Purpose of the study
In age-related diseases involving heart, liver, brain, and immunity, it is becoming apparent that a dysregulated gut may be key to understanding and effecting beneficial change. This study aims to assess the beneficial effects of a bile acid supplement in adults, by promoting a healthy microbiome (as measured by a balance between helpful and potentially harmful bacteria) and leading to improved health. In the course of this study, key biomarkers (for example, changes in microbial composition, blood glucose, cholesterol, and inflammatory markers) will be tracked to directly assess the benefits of a bile acid supplement on the gut microbiome, which may help reduce the risk of developing disease.
Who can take part in this study?
The study will recruit 40 participants between the ages of 18 and 65 years. Suitable volunteers should:
- Have a body mass index of between 18.5 and 29.9 kg/m2.
- Be non-smokers who drink no more than 14 units of alcohol (i.e. not more than 6 pints of beer or 6 small glasses of wine) per week.
- Not be undertaking regular vigorous exercise or fitness training on more than 3 occasions per week.
Exclusion criteria
Participants who will not be able to take part in the study include those:
- with a pacemaker.
- diagnosed with diabetes, heart disease (previous stroke or heart attack), kidney, bowel or liver diseases, cancer or hormone abnormalities or at risk of an allergic reaction.

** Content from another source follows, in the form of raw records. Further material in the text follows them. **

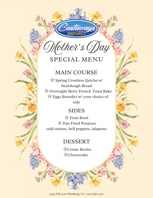 2pm-4pm Moms Paint & Sip Fee of $10 for Supplies Bring friends pr family and a big smile Special Mother's day Menu available 7am-11pm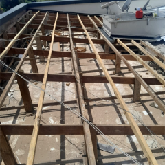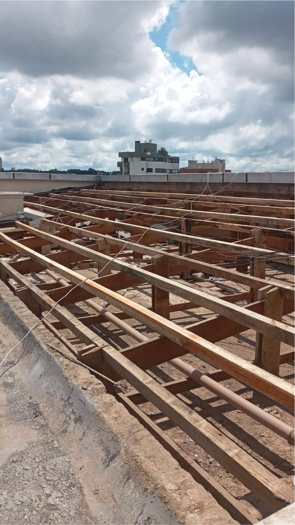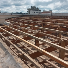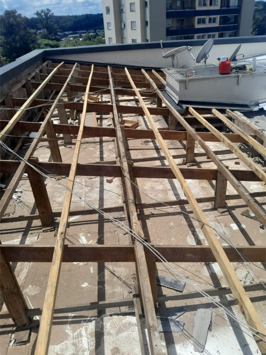 1. Remoção das telhas Brasilit regularização das madeiras retirada dos caibros podres espaçamento de 60cm para receber o aluzinco.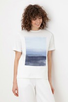 Акция Vilatte Футболка с принтом свободная эластичная из премиального хлопка D4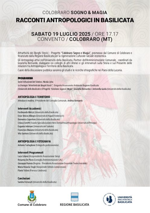 “Presso il Convento di Colobraro sabato 19 luglio 2025 alle ore 17.17 ( orario ideale per i più scaramantici), gli Antropologi attivi nell’Università della Basilicata, coordinati da Graziella Bernardi, dialogheranno con i colleghi provenienti da altri Atenei da varie parti della Penisola, sul rapporto tra Antropologia e il Territorio della Basilicata. Chi più di Colobraro, teatro di “Sogno di una notte a Quel Paese”, poteva ospitare la riflessione sul legame tra folclore e società? Modererà il dialogo tra i tecnici del settore, le istituzioni e i cittadini il Presidente del Consiglio Comunale, Andrea Bernardo.Si parlerà dell’importanza da dare ai nostri borghi storici, e delle ricerche etnografiche nei Paesi della Lucania.” (da “Il Metapontino” del 15 luglio 2025)
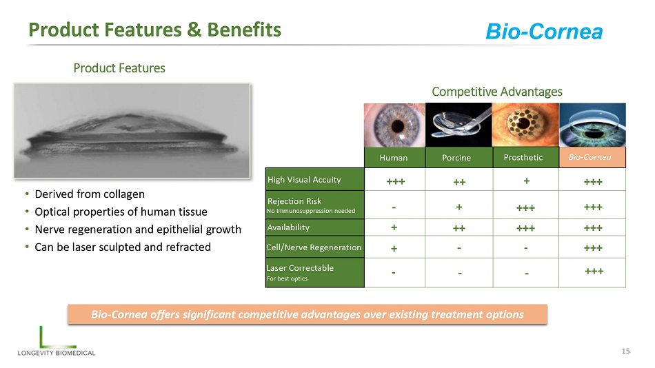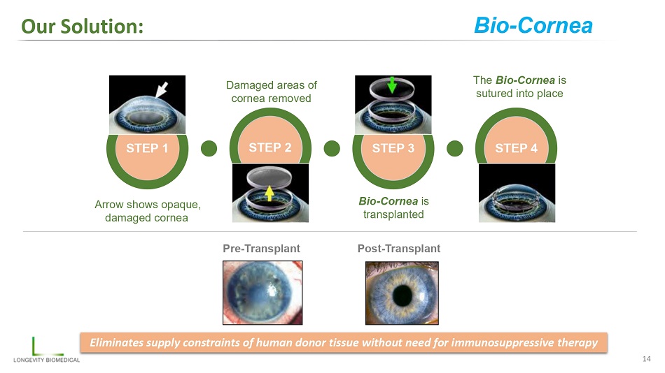 Our Solution: 14 STEP 1 STEP 2 STEP 3 STEP 4 Arrow shows opaque, damaged cornea Damaged areas of cornea removed Bio - Cornea is transplanted The Bio - Cornea is sutured into place Bio - Cornea Pre - Transplant Post - Transplant Eliminates supply constraints of human donor tissue without need for immunosuppressive therapy

- taking certain types of medication (e.g. for high blood pressure, high blood fats, inflammatory conditions and depression), or dietary supplements (e.g. probiotics, prebiotics and natural laxatives), antibiotics in the last 3 months.

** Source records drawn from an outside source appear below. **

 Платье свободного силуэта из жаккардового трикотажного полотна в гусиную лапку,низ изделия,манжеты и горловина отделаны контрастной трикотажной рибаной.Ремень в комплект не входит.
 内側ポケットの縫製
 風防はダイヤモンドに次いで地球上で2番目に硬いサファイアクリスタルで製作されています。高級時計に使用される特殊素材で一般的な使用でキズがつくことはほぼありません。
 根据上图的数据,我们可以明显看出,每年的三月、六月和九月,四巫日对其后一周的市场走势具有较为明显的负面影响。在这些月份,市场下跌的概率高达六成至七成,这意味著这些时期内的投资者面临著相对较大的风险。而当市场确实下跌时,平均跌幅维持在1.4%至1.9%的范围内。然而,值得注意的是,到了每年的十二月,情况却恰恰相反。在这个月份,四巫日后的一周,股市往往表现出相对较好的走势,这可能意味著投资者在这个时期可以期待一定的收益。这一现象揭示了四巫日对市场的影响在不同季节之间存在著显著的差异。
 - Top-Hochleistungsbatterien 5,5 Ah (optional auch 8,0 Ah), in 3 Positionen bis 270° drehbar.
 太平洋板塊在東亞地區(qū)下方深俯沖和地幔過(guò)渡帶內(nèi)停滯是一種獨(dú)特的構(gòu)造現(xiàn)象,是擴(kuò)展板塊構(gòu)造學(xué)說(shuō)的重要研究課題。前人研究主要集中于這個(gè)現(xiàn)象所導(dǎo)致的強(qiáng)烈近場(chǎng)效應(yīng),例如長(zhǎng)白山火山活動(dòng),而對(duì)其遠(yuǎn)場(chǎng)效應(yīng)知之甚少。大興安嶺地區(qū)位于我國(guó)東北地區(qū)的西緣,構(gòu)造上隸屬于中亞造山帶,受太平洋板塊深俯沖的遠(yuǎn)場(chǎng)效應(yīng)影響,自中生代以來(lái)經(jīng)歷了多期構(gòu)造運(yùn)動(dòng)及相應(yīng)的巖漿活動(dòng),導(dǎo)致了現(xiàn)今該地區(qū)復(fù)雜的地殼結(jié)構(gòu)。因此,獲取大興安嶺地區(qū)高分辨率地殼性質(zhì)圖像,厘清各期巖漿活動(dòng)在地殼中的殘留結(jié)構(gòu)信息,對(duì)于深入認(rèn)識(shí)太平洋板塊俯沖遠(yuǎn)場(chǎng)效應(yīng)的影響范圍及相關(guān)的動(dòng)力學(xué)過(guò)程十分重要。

- who are actively trying to lose or who have lost more than 3 kg of weight in the last 6 months.
Volunteers who are participating in another intervention study will be also excluded.
What will taking part in the study involve?

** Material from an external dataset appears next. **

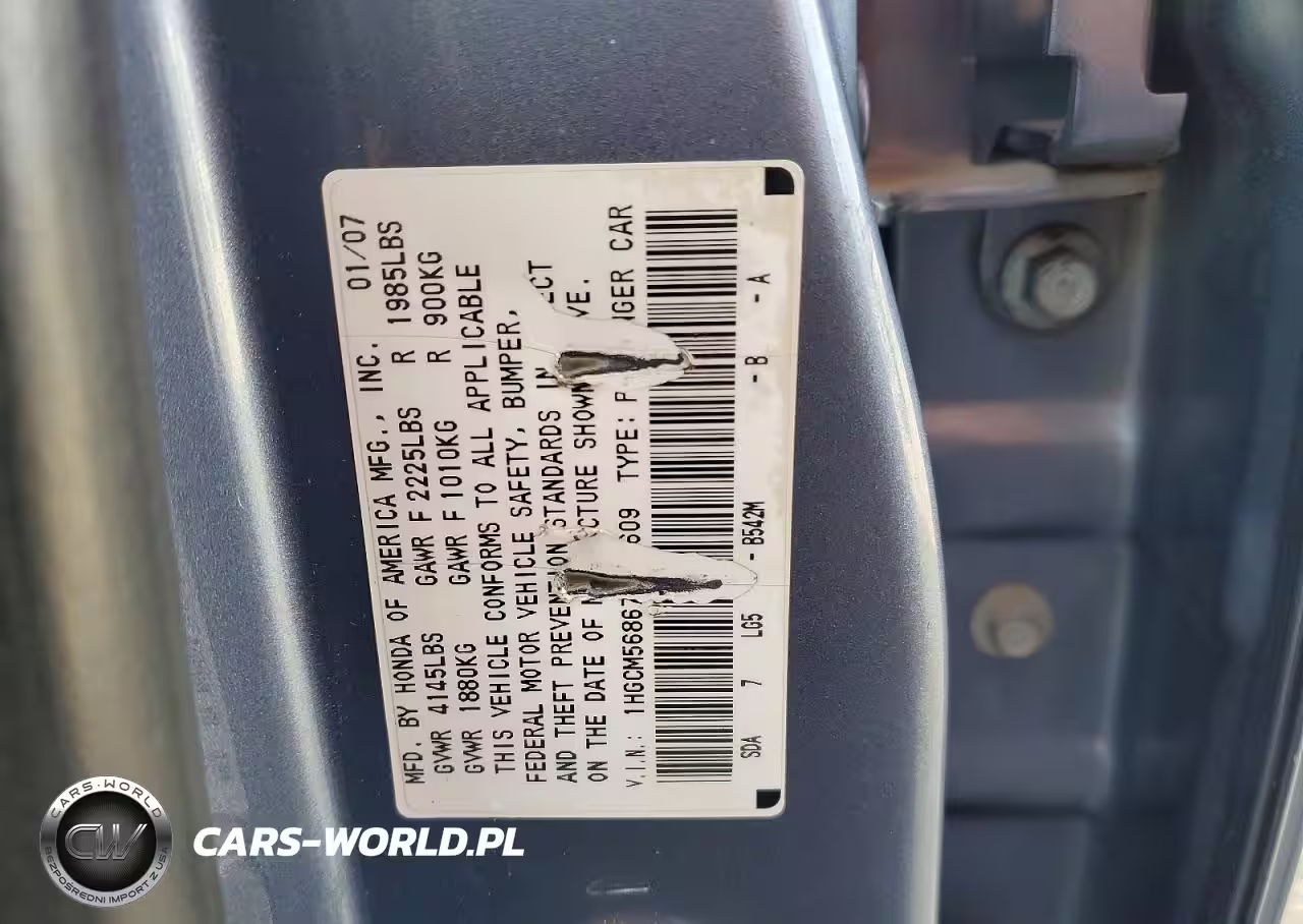 Copart Nr: C-74502935 VIN: 1HGCM56867A086609 Port: Los Angeles, CA

One initial screening visit and four subsequent study visits, if you are eligible to take part in the study. A small blood sample will be taken during the screening visit and your weight, height and blood pressure will be measured. 4 study visits will follow, at four weeks intervals over a period of 16 weeks. You will be required to provide the following, throughout the course of the study, at each study visit: 4 x stool samples and 4 x blood samples. Stool samples will be collected in at-home kits, which will be explained and provided to you at your screening visit. For each visit, you will be asked to arrive in an unfed state (fasted, not eating or drinking anything but water from 8 pm the night before).
Screening visit
You will be invited to come for an initial screening visit at the Hugh Sinclair Unit of Human Nutrition in the Department of Food & Nutritional Sciences (University of Reading). The screening visit should take no more than 45 minutes.
Preparation for study visits
Main study visits
The four study visits will be conducted at 4 weeks interval over a total of 16 weeks and each visit will last for approximately 45 minutes. For each study visit, upon arrival at the Hugh Sinclair Unit of Human Nutrition, your weight, waist circumference, blood pressure and body composition will be measured. During each study visit, a blood sample will be taken.
During your first study visit, you will receive the supplement (bile acid or placebo), to be taken daily after breakfast, for a period of 4 weeks (28 days), after which time you will be asked to attend your second study visit. You will continue to take the daily supplement until your third study visit which will then take place after a period of 8 weeks (56 days). Following your third study visit, you will then have a period of 4 weeks (28 days) where you will not be taking the daily supplement (called a ‘wash out’ period), after which time you will attend for your fourth and final study visit.